Britain, because of its position in Central and East Africa, will have a most important role to play in the solution of this extremely grave problem of colour and racial relations. We shall have to contribute to the solution of this problem as we did to the solution of the problem of nationalism in India and as we are doing to the problem of nationalism in West Africa. But the problem of multiracial societies such as those with which we are dealing this afternoon is really much more crucial than the problem of nationalism that we had to deal with in Asia.
We are dealing with communities that are different in almost every way except that they are resident, settled and permanent communities in the area in which they live. We must start on the basis that all these communities are African communities, that there are white Africans as well as black Africans, and that they not only have to learn to live together but—what is really more difficult—they have to live together during this transition period of adjustment from an automatic European superiority to one of real partnership and equality between the races.
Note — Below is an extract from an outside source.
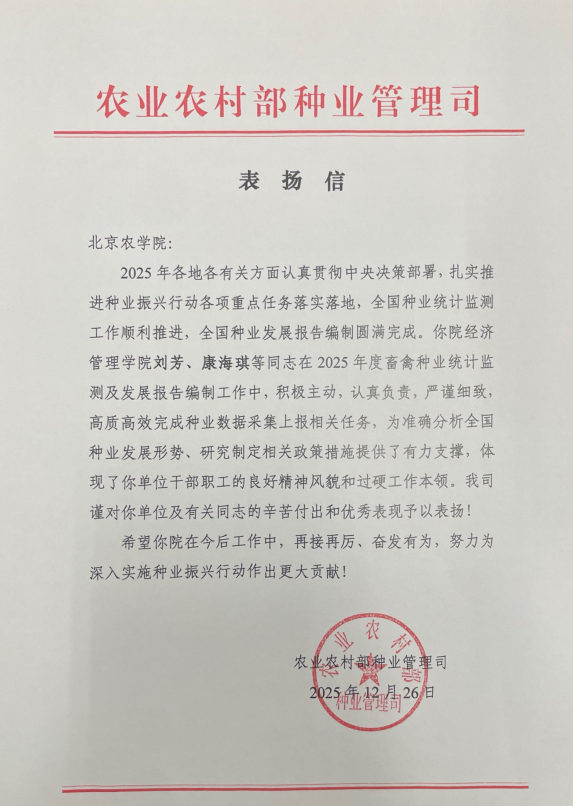 12月26日,农业农村部种业管理司向我院发来表扬信,对我院刘芳、康海琪等同志在2025年度全国畜禽种业统计监测及发展报告编制工作中的突出贡献和优异表现给予高度肯定。

I hope that none of us in this debate will be arrogant and assume that the solutions that we advocate are obviously and automatically the right ones. We are in the sort of position in which any decision that we take as a country and as a House—and, indeed, if we take no decision at all—will have very grave and serious consequences. What we have to do is to find the best, on balance, of the solutions that will open out the best prospects of a settlement of this problem.
I have always been in favour of federation for Central Africa. I think that, in the situation with which we are faced there, it opens the way for the best solution. It is in the interest both of our own country and of the African countries. I should like to mention one or two reasons why I hold that view.
First, there is the economic one, into the details of which I do not propose to go, and which is that there must be development and capital investment. I want to deal with the point that is sometimes made that capital investment can be equally easily done without federation. I do not think that is a true proposition, because I think that the investors from whom the capital has to come certainly pay attention to the stability and political unity of the country in which they invest. Without federation, there would not be political stability and certainty in this area.
Secondly, it is essential, if the resources of this area are to be properly developed, that they should be under a single political authority, and that is particularly true of the copper of the Copper Belt and the coal of Wankie. It is everywhere admitted that these two great resources which must be exploited can never be well run under two separate Governments, and that we shall never solve the problem of getting the coal to the Copper Belt unless a single political authority controls both.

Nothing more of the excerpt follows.